Which is why, in response to the Canada 150 celebrations taking place this year, most first nations voices are either silent or raised in protest. One example of indigenous response is from Michif artist Christi Belcourt, Cree activist and advocate Tanya Kappo, Métis elder and author Maria Campbell and Anishinaabe traditional teacher and storyteller Isaac Murdoch, who have started something called #Resistance 150. As Christi Belcourt explained in a recent CBC interview, “Canada 150 was ignoring basically all of the First Nations, Métis Nations and Inuit people that have been here for 15,000 years. #Resistance150 is a project intended to highlight the many ways Indigenous peoples have historically resisted, and continue to resist, what many see as discriminatory and assimilationist policies of the Canadian government, such as those regarding pipeline construction, access to drinking water and child welfare funding gaps.”

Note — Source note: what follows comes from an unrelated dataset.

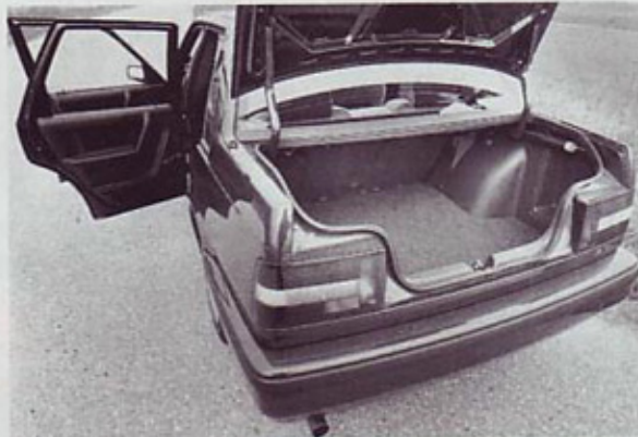
Čisto po volvovski: dovolj prostora in natančna izdelava

gobe. Izolacija kljub temu ni preveč učinkovita. Hladen dizel je ob zagonu pač robot in sklepeta. Ob ogretem motorju se sicer hrup umiri, je pa vseeno dobro slišen. Izrazito turbinsko živahen postane med 2000 in 3500 vrtljaji, visokih vrtljajev pa ne mara preveč. Moč 66 kW (90 KM) zadošča za zelo solidna potovalna povprečja, pa tudi če radi dirkate po mestu (sicer pa je to prepovedano); potem se vam glede na zmogljivosti tega motorja dizelskega porekla ni treba sramovati. Motor je izrazito dizelsko varčen, ob ostrem priganjanju poraba ne preseže 10 litrov na 100 kilometrov. Sodelovanje motorja z menjalnikom je prav tako vzorno, prestavna ročica je natančna, z dokaj dolgimi gibi, ni pa dirkaško hitra, saj takšne tudi ne moremo pričakovati. Lega in vodljivost vozila sta dobri, izdatno pa pomagajo tudi zanesljive zavore. Karoserijsko avto deluje čvrsto, je varen, to pa je lastnost, ki jo vsak kupec volva pričakuje in tudi dobi.

We have a lot to make up for. Things like the investigation into Missing and Murdered Indigenous Women and the Truth and Reconciliation Commission are a start. But as Senator Murray Sinclair, the commission’s leading voice, reminds us, though the commission’s work is now ‘officially’ complete, the real work is just beginning, and it will take generations to achieve.
So we now have the ultimate brand tension: a juxtaposition of pride and shame. There are things we should be proud of, and things we should be ashamed of. How do you reconcile those feelings? I think Noah Richler recently said it best, “It is consistent to love one’s country but also to find shame in its history. Moreover, the reconciling of pride and shame is a matter of necessity. If we’re not to feel shame, what right do we have to be proud?”
A Canadian Moment
The brandapalooza unleashed by companies, municipalities, institutions and governments who wish to take advantage of the commercial and political capital associated with such national milestones is in high gear. From bastardizations of the already weak Canada 150 logo to the stereotype-subverting attempts of a Roots video to redefine what it means to be ‘nice’, to Other World Media’s design of a Colonialism 150 logo (I bought the t-shirt), a lot of creative shops will be busy pumping out sesquicentennial propaganda. But when the party’s over, what kind of country will we take into the next 150?
We certainly seem to have more visibility than we ever had before. Says John Gerzema, “It seems to me like this is a Canadian moment. A weakening US and the enormous rock star power of Prime Minister Trudeau have created these really high perceptions of Canada as positive perceptions of the US have sharply declined. A whole bunch of metrics that were traditionally dominated by the US like transparency, good for business, inclusive, welcoming — these have all taken a big hit in the last year.” Gerzema’s exhortation suggests that we use this gap as a stimulus for enlightened policymaking and a renewed commitment to liberal democracy. Again, Gerzema: “People see Canada as highly innovative. They see Canada’s inclusivity and its diverse workforce as key ingredients of innovative capacity. You need to get the diversity, innovation and opportunity message out there.”
CDL’s Kristjan Sigurdson agrees: “I think that the world we’re living in is fundamentally changing in a way it never has before and it’s going to result in new industries and those with the fastest and most creative people on the job are going to win. And I think that’s Canada.”
At this point, one might ask what brand marketers can do to leverage these positive perceptions of Canada. In a recent post Environics CEO Bruce Maclellan more or less echoed Gerzema: “With immigration being a key driver of Canada’s population growth for the next 50 years, communicators and marketers should seize the opportunity to position organizations and brands as standing for equality, diversity and inclusiveness”. To that I would add they should not just position around these values, they should actually practice them.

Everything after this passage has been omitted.